Home Invest Belgium's acquisition of three buildings ("CV9", "CV10" and "CV18") located in the centre of Louvainla-Neuve, the property rights to which were previously held by the "Louvain La Neuve 1976" real estate certificate, was finalised following the signature of the official purchase deed on 25 January 2013. The "CV9"building is part of a co-ownership; Home Invest Belgium became the owner of 447.75/1 000ths of the common parts, in addition to the private areas involved, including the leasehold.

The results of this significant investment are, for the first time, visible and have been included in the figures for the first quarter of 2013, at a rate of +/- 2/3 of the quarter, as the transfer of ownership was only completed at the end of January.

As a reminder, this transaction involved +/- 23 000 m² of rental space, 40% of which is for accommodation, 36% for commercial use, and the remainder for offices and auditoria. This transaction has the particular feature of transferring a leasehold on the related plots, granted by UCL for a period of 50 years, ending in 2026, as well as the transfer of buildings built on these plots on the basis of this leasehold. In 2026, the UCL will therefore become the owner of the buildings, with the obligation of either:

  • paying Home Invest Belgium the market value of the buildings;
  • or granting a 49-year long lease at the end of which the UCL will become the exclusive owner of the buildings free of charge.
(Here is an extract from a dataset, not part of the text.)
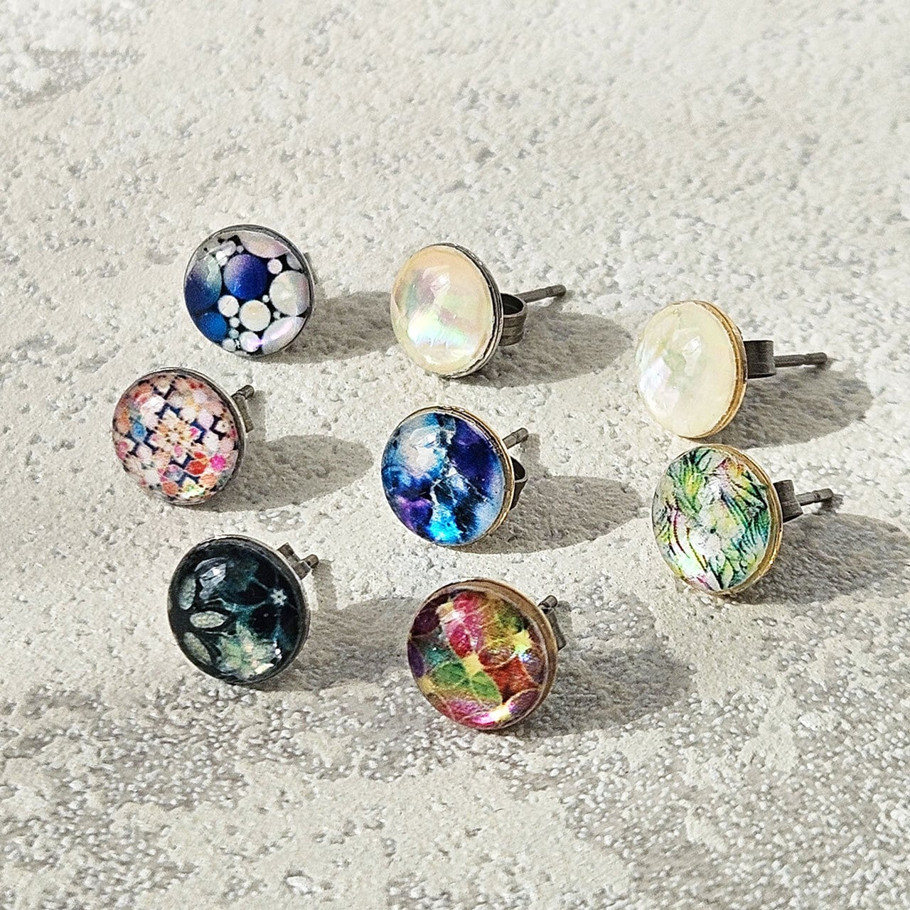 天然貝螺鈿アート★一粒ピアス・イヤリング(3粒セット)※アレルギー対応| Ayuプロデュース【ギフト・プレゼントにおすすめ】

5 March 2013 – Acquisition of a real estate project on the corner of Rue de la Pépinière and Rue Brederode, 1000 Brussels

Within the context of its new strategy, which involves developing projects on its own behalf in order to accelerate the rejuvenation of its portfolio and to invest in sustainable projects, on 5 March 2013, Home Invest Belgium signed a sales agreement with the King Baudouin Foundation regarding the acquisition of three plots with constructions located in an exceptional surrounding, behind the Royal Palace and in front of the Place du Trône, 1000 Brussels. A construction permit was issued for the whole lot, authorising a real estate project made up of 14 apartments and 2 offices as well as 15 parking spaces. The project was put together with particular attention to sustainable development and optimum energy performance of the building.

The sales agreement is subject to various conditions precedent, the fulfilment of which is expected by 5 July 2013.
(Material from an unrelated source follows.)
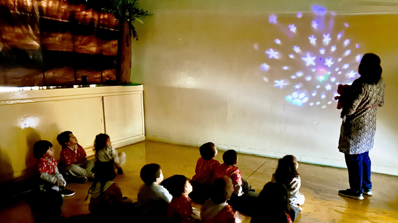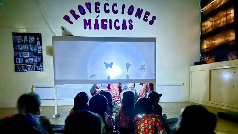 Este nuevo rincón de aprendizaje forma parte de un enfoque basado en la exploración sensorial, la creatividad y la experimentación. A través de un proyector, una pantalla blanca, linternas y plantillas para hacer sombras, los niños pueden aprender sobre animales, señales de tránsito, emociones, alimentación saludable y otros temas clave para su desarrollo.

Within the context of this transaction, the parties have agreed to value the project at € 2.6 million, which should generate an initial gross return of +/- 5.6%.

18 February 2013 – Provisional acceptance of the apartments on Rue Belliard 21, 1000 Brussels

Provisional acceptance of six apartments on Rue Belliard 21, 1000 Brussels took place on 18 February 2013, thus bringing to an end the development of the "Belliard/Industrie" project, completed by the Nexity group for Home Invest Belgium.

Sales

During the 1st quarter of 2013, Home Invest Belgium completed several individual sales of its residential properties, resulting in capital gains of somewhere in the region of € 0.59 million compared to the latest fair value of the properties sold.

Consolidation of the financial structure and interest rate hedging – New credit line

A new line of credit for a total of € 25 million was secured at the beginning of January 2013 with the BELFIUS bank, to mature on 31/01/2019.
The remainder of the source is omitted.